Wednesday, June 4, 2014

The Secret Life of Bees by Sue Monk Kidd | Book Review

(I got my copy from my library, so I didn't have a choice: I had to read the copy with the movie tie-in cover.  *shudder*  WHYYY do publishers do this??  At least this one was eye-catching honey-gold, so lots of people would ask me what I was reading and I'd get to tell them, and then also tell them how wonderful it was!)

Plot summary from the back of the book:  Set in South Carolina in 1964, The Secret Life of Bees tells the story of Lily Owens, whose life has been shaped around the blurred memory of the afternoon her mother was killed. When Lily's fierce-hearted black "stand-in mother," Rosaleen, insults three of the deepest racists in town, Lily decides to spring them both free. They escape to Tiburon, South Carolina--a town that holds the secret to her mother's past. Taken in by an eccentric trio of black beekeeping sisters, Lily is introduced to their mesmerizing world of bees and honey, and the Black Madonna. This is a remarkable novel about divine female power, a story women will share and pass on to their daughters for years to come.

FIVE OF FIVE ENTHUSIASTIC STARS TO THIS!  I think I was only about 50 pages in when I started mentally kicking myself for not having read any Sue Monk Kidd before now!

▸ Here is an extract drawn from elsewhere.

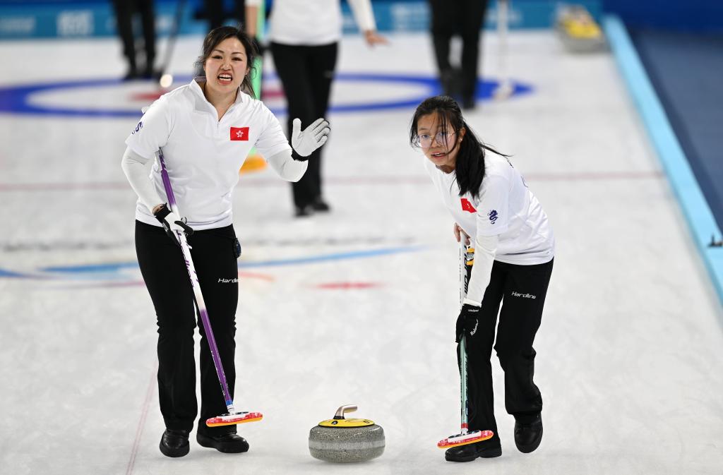 中国香港队选手胡翩翩投壶出手,队友陈葭跟进擦冰,相似的脸庞上都写满了认真;卡塔尔女队的一次投壶成功进入大本营,击掌庆祝的两名女队员笑起来一模一样;菲律宾男队选手马克·安赫洛·普菲斯特和恩里克·加布里埃尔·普菲斯特也时常让人难以区分。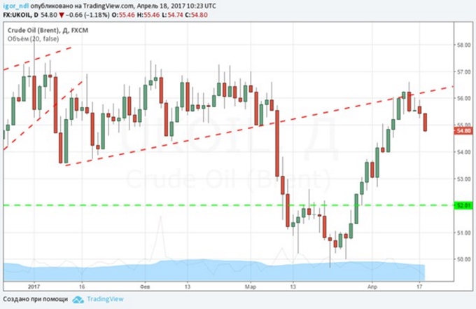 Цены на нефть снова перешли к снижению. Падение котировок продолжается уже четвертый день подряд. Что это, начало нового нисходящего тренда или коррекция? Фьючерсные контракты на нефть марки Brent сегодня падают ускоренными темпами. По состоянию на 13:20 по московскому времени падение составляет более 1%, торги идут в районе отметки $54,81.

I love the writing style.  I love how realistic it is; you really feel like you're back in your 14-year-old self when you're reading it.  I also love how you can just feel the Southern accents dripping like honey out of the characters' mouths.  I was raised in the South and am proudly biased toward Southern writing.  I just love it!  It always takes me a little longer to read books set in the South though because my mental narration slows down with the accent!  lol

I love the setting.  Tiburon, SC is a fictional town but there's tons of references to real places nearby.  In fact, this book is so popular that official SC government sites such as SCIWAY.net have pages for Tiburon, since so many people try to search for it.  (The page you land on informs you gently that Tiburon is fictional, and urges you to look into real SC places to visit.)  At one point a character talks about "sending someone to Bull Street," meaning to send someone to the mental hospital.  I used to live in Columbia, SC and that mental institution is real!  I used to drive past it frequently, right there on Bull Street.  This book takes place over the course of a summer, and Sue Monk Kidd does a fantastic job capturing the feel of the heat of an SC summer.  It's oppressive.

I love the characters.  The book is told entirely from Lily's point of view, but there are essentially five total main characters.  They are all so well-developed and 3-dimensional!  Ya'll, this is not a long book.  For Ms. Kidd to have developed these characters so fully took real talent.  I just fell so in love with all these strong women in this book!  By the end of the book I was ready to pack my bags and move to Tiburon.

My only gripe:  there's no follow-up!  There's no second book!  And in the author interview in the back of my copy, Sue Monk Kidd says that she doesn't plan to write one.  So now I'm all kinds of emotionally invested in these fine ladies in Tiburon and I will never know for sure how it turns out for them.  

I loved the book so much that I went ahead and put in a request at the library to get the movie.  What the hey!  I'll give it a try.  Anything to spend just a little more time with the Black Madonna Honey family.